One of the surprising emphases of this report is its focus on biological weapons. It underlines that threat by noting that it is more likely that the “by the end of 2013” attack would use biological rather than nuclear weapons. This concern reflects the spread of laboratories working with deadly pathogens — their number has more than tripled in the U.S. alone since 2001 — and inadequate safeguards to prevent accidental or deliberate misuse of pathogens.

The report warns that, “Rapid scientific advances and the global spread of biotechnology equipment and knowhow are currently outpacing the modest international attempts to promote biosecurity.” A new culture of security must be encouraged — a mentality that nuclear scientists have embraced but one that has been slow to develop in the biosciences. This is part of the rethinking about WMD. The report argues that “The more probable threat of bioterrorism should be put on equal footing with the more devastating threat of nuclear terrorism.”

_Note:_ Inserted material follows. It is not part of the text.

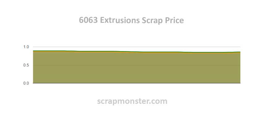 E.C. Aluminum Wire prices recorded a modest jump over the previous week, increasing by 0.95%. 6063 Extrusions prices were flat on the ScrapMonster Index, at the previous week’s price of $0.86 per Lb. Old Cast recorded no variation in price on the Index. UBC prices also held steady over the prior week.

An equally important concern gets short shrift in the report: the need for the U.S. to lead nuclear weapons states to get serious about disarmament. The U.S. cannot warn of the dangers of WMD proliferation while it possesses the world’s largest arsenal of such weapons. Deep cuts in the U.S. nuclear arsenal would not only send a powerful message about the need to reduce nuclear threats;it would also help make the world much safer.